Выбрать главу

— Во-первых, это не военная и не стратегическая информация, которая, да будет вам известно, в сто раз дешевле русской. Лапшу вешайте дуракам, ибо в России деньги не играют такой роли, как в Америке. А во-вторых, блок-схемы весов опубликованы, а сами весы запатентованы.

— Сколько вы хотите за них?

— Не больше пятидесяти.

— Хорошо. Сделаем так. Я вам привожу весы и пятьдесят — это аванс, то есть сто. Вы мне даете "Факандр" и после экспертизы документов я вам привожу еще сто!

— Двести!

— Сто пятьдесят!

— Согласен, — улыбнулся Костя. — Когда будут весы?

— Недели через две. Их привезет мой человек вот на это же место вместе с деньгами. Юра его зовут. Он позвонит, что едет за грибами, и назначит час встречи. Вы отдадите ему документацию на "Факандр".

— А когда остальная сумма?

— Месяца через полтора.

— Где гарантии?

— Я сам приеду.

— Э, голубчик, так мы каши не сварим.

— А если вы нас надуете со схемой?

— А вы с весами?

— Но у вас уже будет в руках аванс! — разозлился Хозер. — А мы в этом случае останемся ни с чем!

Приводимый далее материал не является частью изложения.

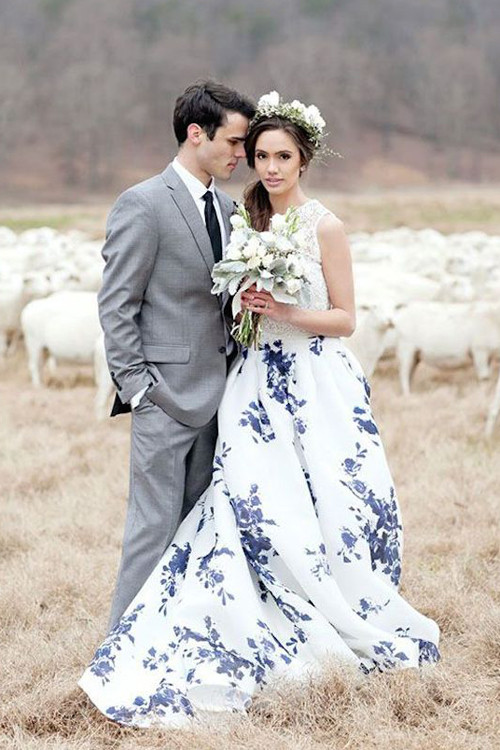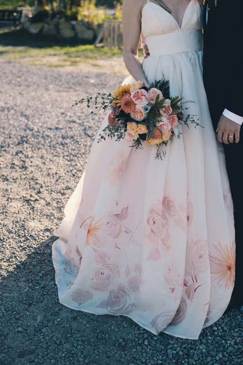 Nếu tổ chức đám cưới ngoài trời, họa tiết hoa trên váy trở càng đồng điệu với không gian.
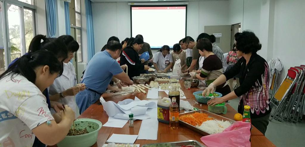 大家来到这个由我们职工从家里带来的锅碗瓢盆、面板及擀面杖组成的“临时厨房”就迅速找到了自己擅长的厨艺点,无需分工,但却处处见到笑容绽放的合作。有人洗菜、有人剁馅、有人调馅、有人揉面、不一会这边是一盆盆诱人饺子馅呈现在大伙面前,那边是一个个面团准备就绪。随后擀面杖出场,饺子皮在巧手们的手下则一张张的“飞”到大家面前,鲜活的饺子也随之一个个的出炉。有韭菜肉饺,玉米肉饺,冬菇木耳肉饺,芹菜肉饺,特别是南校同事们包的“小白菜轻奢艳饺”色香味俱全,堪称饺子里的LV。
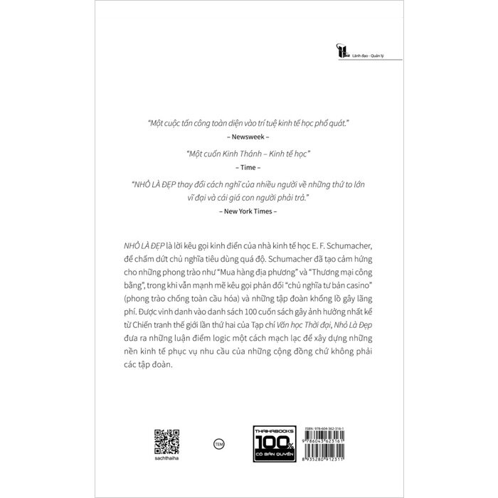 Nhỏ Là Đẹp“Nhỏ là đẹp” là lời kêu gọi kinh điển của nhà kinh tế học E. F. Schumacher tốt nghiệp Oxford, để chấm dứt chủ nghĩa tiêu dùng quá độ. Schumacher đã tạo cảm hứng cho những phong trào như “Mua hàng địa phương” và “Thương mại công bằng”, trong khi vẫn mạnh mẽ kêu gọi phản đối “chủ nghĩa tư bản casino” (phong trào chống toàn cầu hóa) và những tập đoàn khổng lồ gây lãng phí. Được vinh danh vào danh sách 100 cuốn sách gây ảnh hưởng nhất kể từ Chiến tranh thế giới lần thứ hai của Tạp chí Văn học Thời đại, “Nhỏ là đẹp” đưa ra những luận điểm logic một cách mạch lạc để xây dựng những nền kinh tế phục vụ nhu cầu của những cộng đồng chứ không phải các tập đoàn.
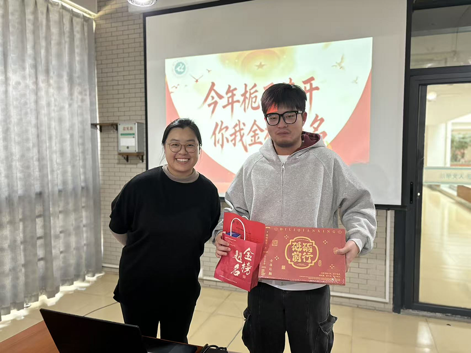 会议先由李敏玲老师从学习方法上给出了最后的冲刺建议,考场中需要注意的事项,更从心理调适方面进行了疏导;随后黄荣副书记肯定了同学们在备考期间所付出的辛勤汗水和展现出的坚韧毅力;最后王书记将学院精心准备的“考研暖心礼盒”一一送到同学们手中。这份沉甸甸的礼盒不仅装满了学校的关爱,更承载着对未来的期许。

— Логично, — согласился Костя. — Но имейте в виду, сейчас мы с Забродиным делаем такую штуку, по сравнению с которой "Факандр" — детская игрушка, и вы еще будете предлагать нам миллионы, — прихвастнул он, решив, что документы придется отдавать настоящие, кроме рецептов и пропорций, которые он передаст в день окончательного расчета. С таким партнером жульничать нельзя, но и нельзя позволить себя облапошить.

7. В ПАРИЖЕ И МЮНХЕНЕ

Через два месяца в парижском альманахе "Козерог", издаваемом Исааком Хозером, появилась подборка стихотворений, взбудораживших русскую литературную эмиграцию. Открывалась она коротеньким посвящением "Членам Политбюро":

Теперь когда они станут жевать свое мясо в поисках истины мы улыбнемся и поменявшись местами их как в ворота пропустим как жизнь пропускаем свою.

Критики терялись в догадках, обрывали телефоны редакции "Козерога", но информация была однозначной: молодой поэт из метрополии и, предположительно, женщина, чье имя открыл главный редактор, недавно вернувшийся из поездки по Союзу. В "Континенте" появилась статья литературоведа Ненашева, в которой он причислял творчество Дэйва Вавилонского к герметическому неореализму, а именно — к новому разветвлению в нем — апокалиптической абстракции в поэзии, родившейся после Чернобыльской трагедии и социально питаемой Перестройкой в СССР. Литературовед высказал ряд сомнений относительно женского авторства и выдвинул гипотезу, согласно которой автор подборки — диссидент, замученный в одном из сумасшедших домов Союза. Он призывал Хозера открыть тайну, стоящую за именем Дэйва Вавилонского, допуская, что поэт может быть даже гермафродитом.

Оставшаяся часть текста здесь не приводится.